Friedman’s test, in Table 4, makes clear the supremacy of the version that considers the average of the objectives when deciding whether the application of a given operator is a success or a failure (AVG). NSGA-III\(_{TS-AVG}\)V1 represents the best HH version proposed in the scope of this work and will be compared with the operators applied in isolation in the next section.

Table 4. Average ranking of algorithms considering the comparison between NSGA-III\(_{TS-AVG}\)V1 and NSGA-III\(_{TS-ND}\)V3, according to Friedman test.
Fig. 3.
figure 3

Operators usage over the generations for the NSGA-III\( _{TS-ND}\)V1 (left), NSGA-III\(_{TS-ND}\)V2 (in the middle) and NSGA-III\(_{TS-ND}\)V3 (right), for 5, 7 and 10 objectives.

4.3 Stage 3: Effect of Operator Selection by Hyper-Heuristic

The use of a hyper-heuristic in the selection of different operators throughout the search process releases the user from choosing the best operator to be applied in the solution of a given problem.

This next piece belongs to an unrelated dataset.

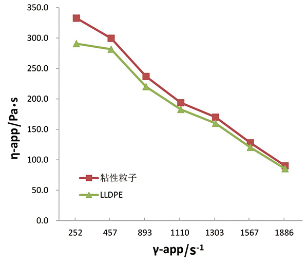 (1)随着配方体系中POE密度从0.857g/cm3增加到0.880g/cm3,黏性粒子的熔指变化不大;硬度从46A增加至70A;密度从0.885g/cm3增加至0.998g/cm3;拉伸断裂强度从3.0MPa增加至12.5MPa;断裂伸长率从750%降低至570%;剥离力从14N/25mm降低到0.7N/25mm。当POE密度为0.863时,综合性能较佳。180℃流变性能测试结果显示黏性粒子黏和行业中常用的吹膜料LLDPE7042的流变性能在460~1800s-1剪切范围内匹配性较好;

This avoids the necessary simulations and even a more in-depth knowledge of the technique and the problem in question. The simulations of this stage aim to analyze the performance of the automatic selection made by Thompson Sampling in relation to the performance of the operators applied in isolation. Table 5 shows that the performance of HH and the CX operator are similar to each other, while the PMX and 2P operators perform worse, considering the IGD + quality indicator. Friedman’s test indicates statistical equivalence between NSGA-III\(_{TS-AVG}\)V1 and NSGA-III\(_{CX}\), which shows that the automation of the choice of operators is done properly.

Table 5. Average ranking of algorithms considering comparison between the best HH (NSGA-III\(_{TS-AVG}\)V1) and operators applied in isolation, according to Friedman’s test.

4.4 Stage 4: Literature Comparison

The efficiency of the best proposed HH is measured at this stage in the face of the algorithms reported in the literature. Table 6 compares the NSGA-III\(_{TS-AVG}\)V1 algorithm with the MOEA/DD [8], MOEA/D [9], SPEA2 [10], NSGA-II [11], MOEA/D-DRA [12] algorithms. All comparison approaches are present in the framework jMetal version 4.5 and the parameters used, with the exception of those presented in Table 1, are the standard parameters of the framework for each of these algorithms.

According to the Friedman test, presented in Table 6, the hypothesis that the algorithm with the lowest rank (NSGA-III\(_{TS-AVG}\)V1) is equivalent to the others is rejected for all algorithms. Therefore, the proposed algorithm can be seen as a competitive approach for MaQAP.

Table 6. Average ranking of the algorithms considering a comparison between the best HH (NSGA-III\(_{TS-AVG}\)V1) and literature algorithms, according to Friedman’s test.

5 Conclusions

In this work, it was proposed an approach combining selection HH with the NSGA-III framework. The selection HH considered was Thompson Sampling. The HH was used to generate each offspring through the selected operator from a set of LLH, according to an updated probability based on their previous performance. Three candidates for operators were considered: PMX, 2P and CX. A set of 42 benchmarks instances was considered with 5, 7 and 10 objectives.

Two success and failure factors have been proposed with different ways of resetting the counters. The results were analyzed with the IGD+ quality indicator and Friedman’s statistical test. The IGD+ points out that the best way to restart the success and failure counts varies according to the success and failure factor adopted. The best proposed HH (NSGA-III\(_{TS-AVG}\)V1) presented equivalent, or even better, performance to operators applied in isolation. This shows the benefit of automatic selection made by TS, as it releases the user from determining the best operator to be applied in the problem solution. In comparison with the literature, the NSGA-III\(_{TS-AVG}\)V1 outperforms all the considered algorithms.

It should be noted that, in addition to its competitive results, Thompson Sampling is a simple technique in relation to other high-level heuristics implemented for HHs and without parameters to be adjusted. As future work we can consider the adaptive control of the size of the set of operators and the test in different optimization problems with multiple and many objectives.